ASSET RECOVERY: Former Minister Kicks as EFCC Seeks Final Forfeiture of N14 Billion Jewellery

A former Petroleum Resources Minister, Mrs Diezani Alison-Madueke, has urged the Federal High Court in Lagos to refuse an application by the Economic and Financial Crimes Commission (EFCC) seeking the final forfeiture of her 2,149 pieces of jewellery and a customised golden iPhone. The court, on July 5, ordered the temporary forfeiture of the items valued at $40 million (about N14.4 billion), which were recovered from the former minister’s home.

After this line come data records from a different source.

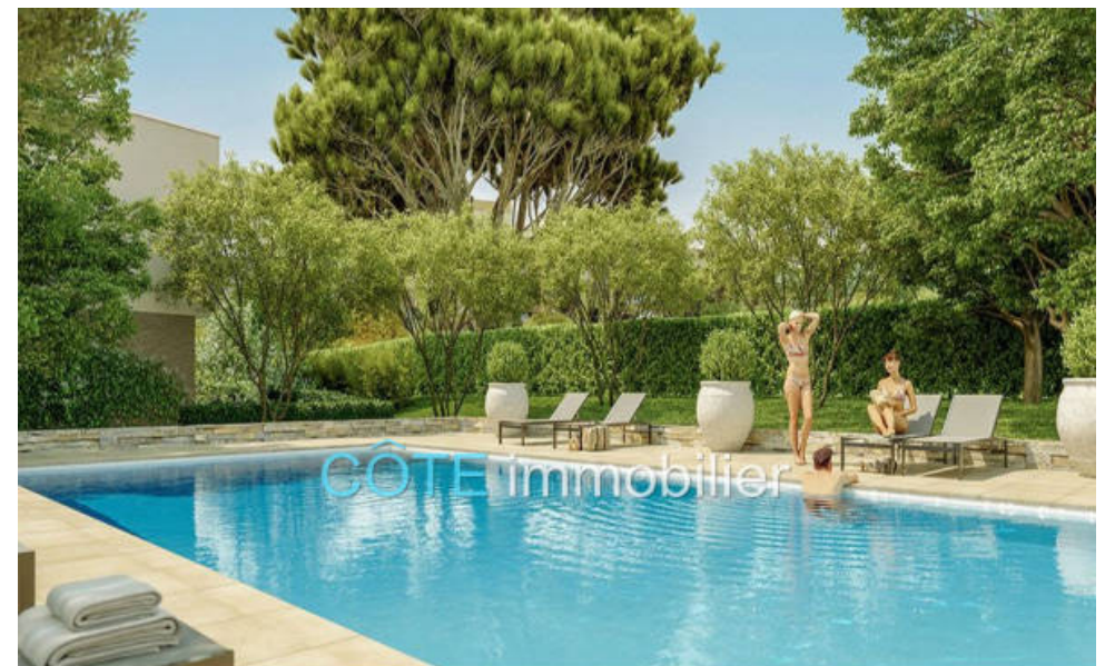
Programme neuf - Convention milancip - MLS Côte d'Azur
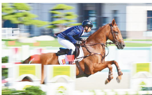
9月21日,马术比赛正在进行场地障碍赛。
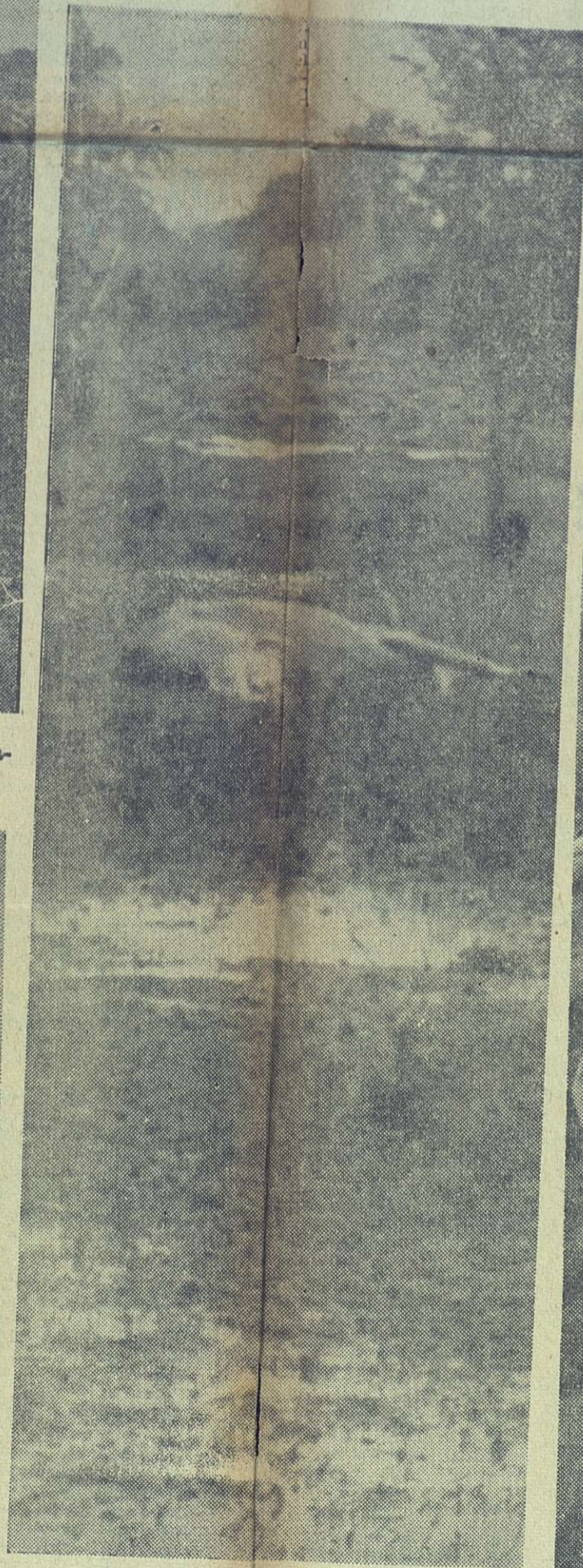
Esta res muerta es una de las tantas que se pueden ver en las diferentes zonas por las que pasó el ciclón.

Justice Nicholas Oweibo ruled on an ex parte application in which the commission said the items were suspected to be bought with illicitly acquired funds. But, in a counter-motion filed through her lawyer, Prof Awa Kalu (SAN), the former minister urged the court to order that the items be returned to her. She accused the EFCC of illegally gaining access to her apartment and taking the items without a court order. According to her, EFCC did not charge her with any crime or serve her with any summons.

Mrs Alison-Madueke said the temporary forfeiture order was prejudicial to her because she was denied fair hearing. Hearing on the application was stalled yesterday due to Prof Kalu’s absence. A lawyer from his chambers, Chukwuka Obidike, said the Senior Advocate of Nigeria (SAN) was handling an election petition case.  Mrs Alison-Madueke is the defendant in the application filed pursuant to Section 17 of the Advance Fee Fraud and Other Related Offences Act Number 14, 2006.

The EFCC said it found and recovered the jewellery and the customised golden iPhone on the premises of the respondent. The anti-graft agency added that it reasonably suspected that the former minister acquired them with “proceeds of unlawful activities. According to a schedule attached to the application, the jewellery, categorised into 33 sets, include 419 expensive bangles and 315 expensive rings. Others are: 304 expensive earrings, 267 expensive necklaces, 189 expensive wristwatches and 174 expensive necklaces and earrings. The rest are: 78 expensive bracelets, 77 expensive brooches and 74 expensive pendants.

EFCC said: The respondent’s known and provable lawful income is far less than the properties sought to be forfeited to the Federal Government of Nigeria. Justice Oweibo ordered that the 2,149 pieces of jewellery and the customised gold iPhone be temporarily forfeited to the Federal Government.